8. Experimental Schools.-The Commissioner has asked that at least one of the comprehensive experimental school projects devote attention to the individualization of programs to benefit the gifted and talented students as a component of the compehensive design to effect education reform. This activity is in direct response to a significant finding of the study that in early childhood, gifted and talented students are most neglected, and where special attention is provided there is inadequate and insufficient follow-through in the total educational environment.

9. Supplementary Plans and Centers.-Tile III, ESEA, has already been used by many States to support their program activities in gifted and talented education.
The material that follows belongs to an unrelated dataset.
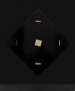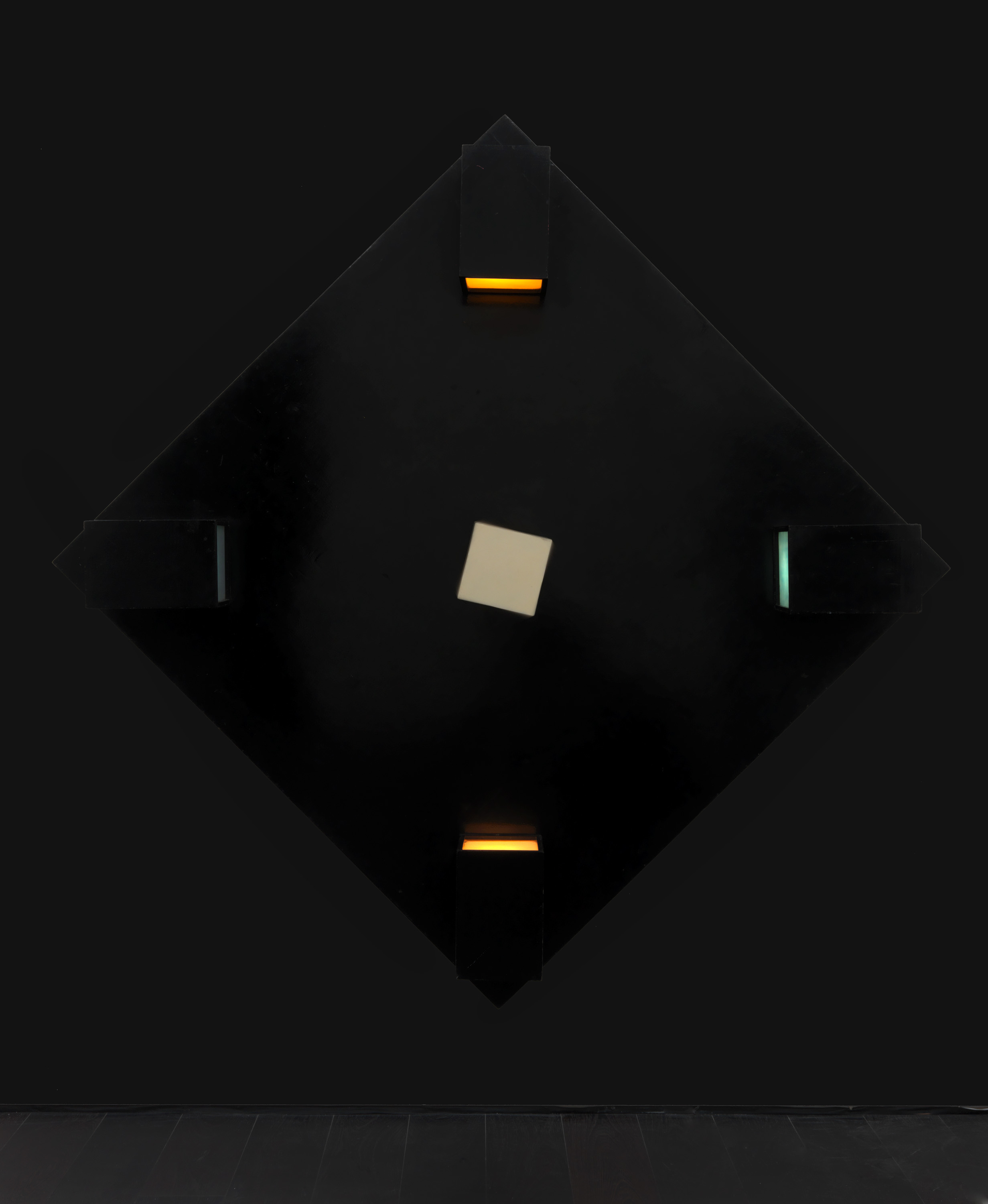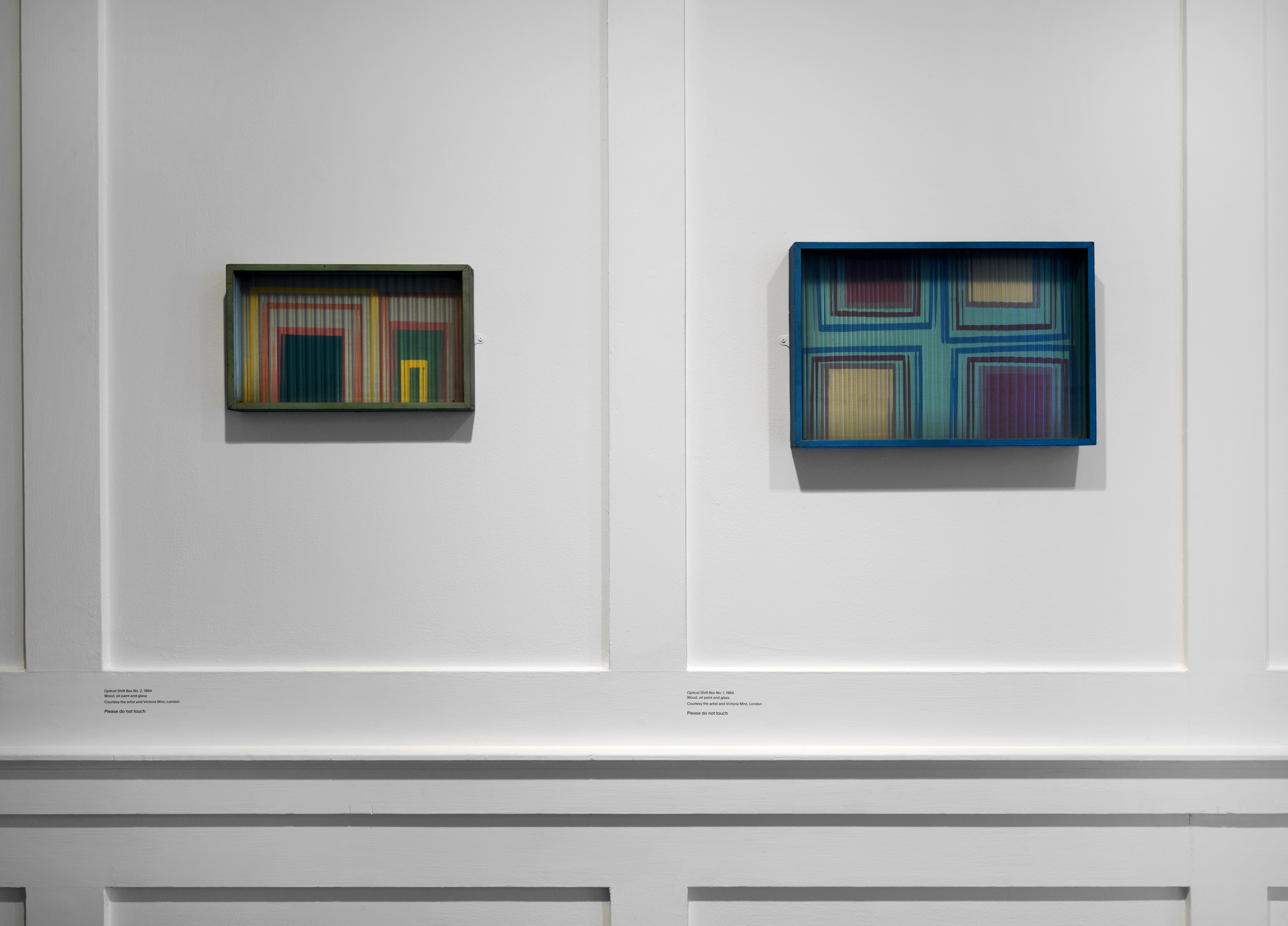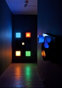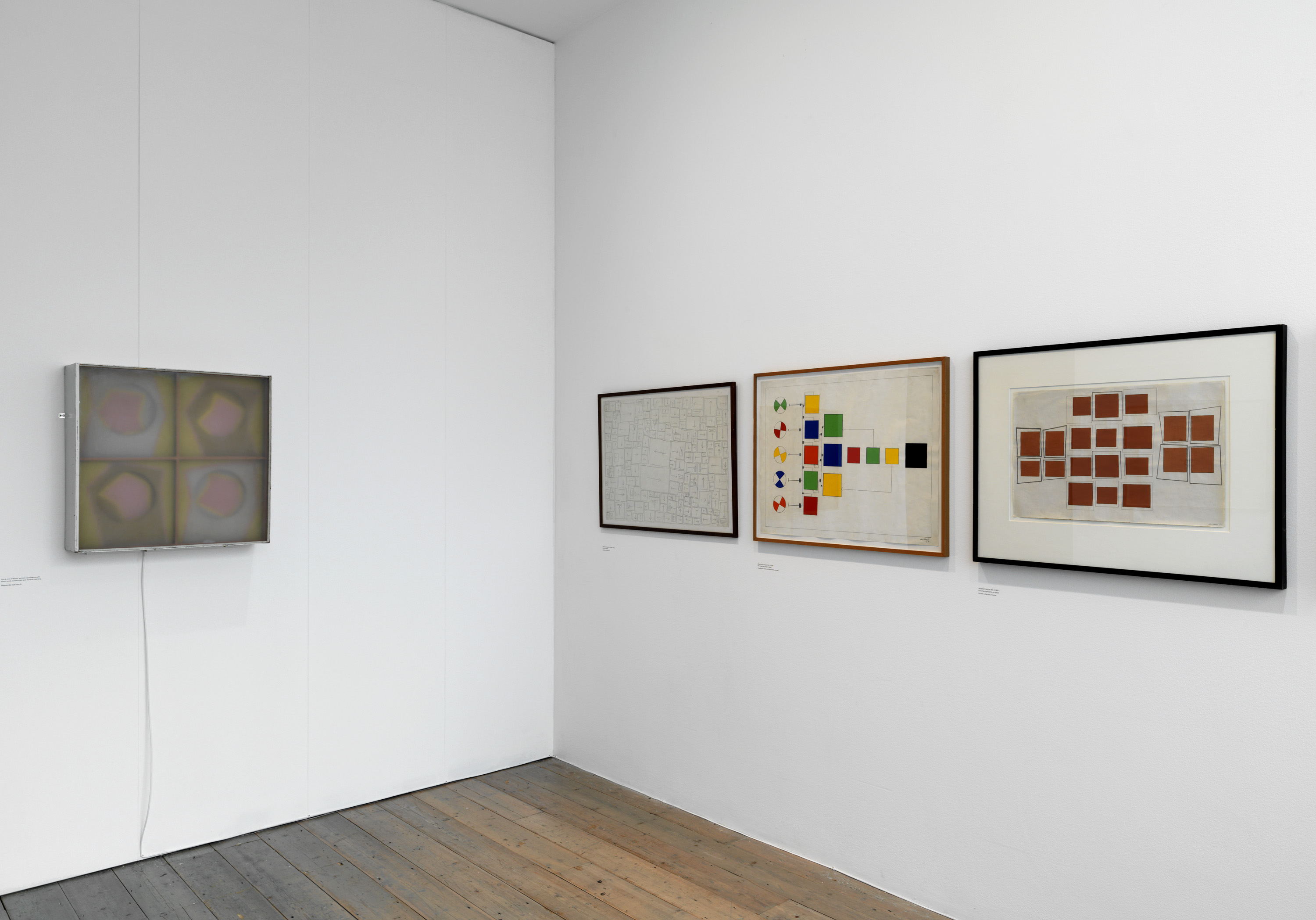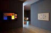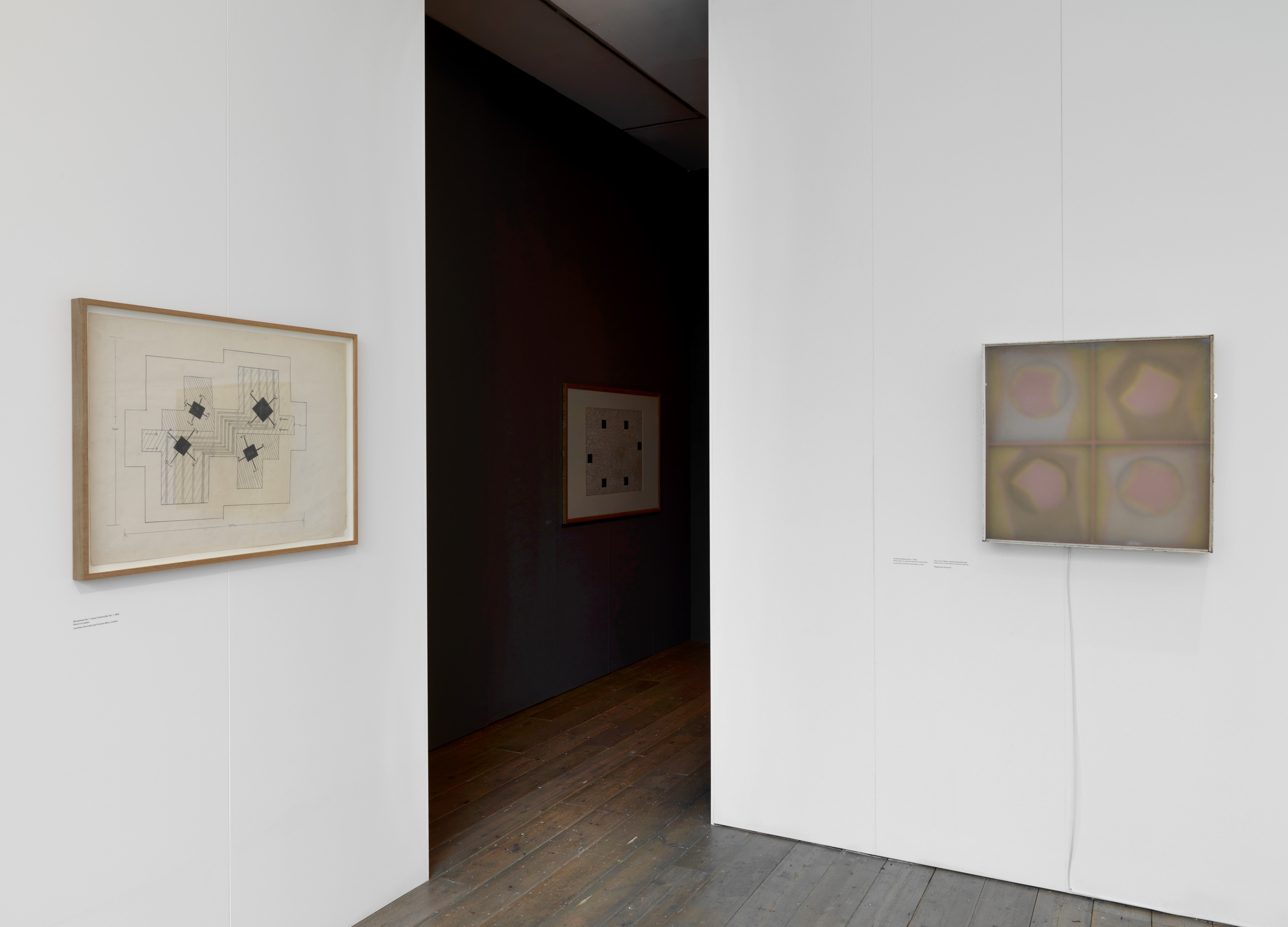 In 1968 Willats made an exhibition at the Museum of Modern Art Oxford in which he presented constructions involving movement and light – some wall-mounted, others large-scale environments – that were informed by his interest in contemporary theories: about probability and prediction, behavioural science, subliminal advertising, and colour in relation to motivation and learning. The display of these at Raven Row will be based on the darkened maze in which they were installed at Oxford, where they were proposed as experimental stimuli for 'states of consciousness'.

In FY 1972 and FY 1973, USOE will continue to encourage these activities through communication with State education agencies, issuance of program guidelines and cooperative assignment of USOE title III program staff to the Gifted and Talented Program Group.

10. Regional Offices.-One staff member will be identified in each of the ten Regional Offices of Education as responsible, at least part time, for gifted and talented education. The relevant activities will include

liaison with the Office of Education national office, developmental assistance to the State education agencies, continuous dissemination of information, and management of specialized regional activities as they arise.

11. Higher Education.-The existing OE programs relating to higher education will be carefully studied by the Gifted and Talented Program Group in order to optimize their potential for the talented population and their teachers. The objectives of the Talent Search, Upward Bound and Student Aid programs relate to disadvantaged, low-income, and minority groups, many of them underachieving gifted and talented students. These higher education programs have as their clientele the secondary school-age group from which students of particularly high potential are identified and supported in extending their horizons to facilitate their success at institutions of higher learning. Fellowships are available for potential higher education personnel, who would educate potential teachers of the gifted and talented.

The expertise of staff personnel in the above-mentioned programs will be utilized as part of the Gifted and Talented Program Group, with the expectation of expanding the current focus and better identifying and serving the needs of the high potential disadvantaged student at the elementary and secondary level.

"Equal education is the foundation of the right to be a human being.... This does not mean that any gifted child or any child having a greater capability to learn may or shall be deprived of his or her opportunity of learning more. It does mean that every child shall have the equal opportunity to learn to the best of his or her ability. That opportunity must be made available to all on equal terms." Alfred Gitelson, Judge, County of Los Angeles, Superior Court Case 822854

As quoted in "The Bulletin of the Gifted Children's Association, San Fernando Valley, Inc.," May 1971.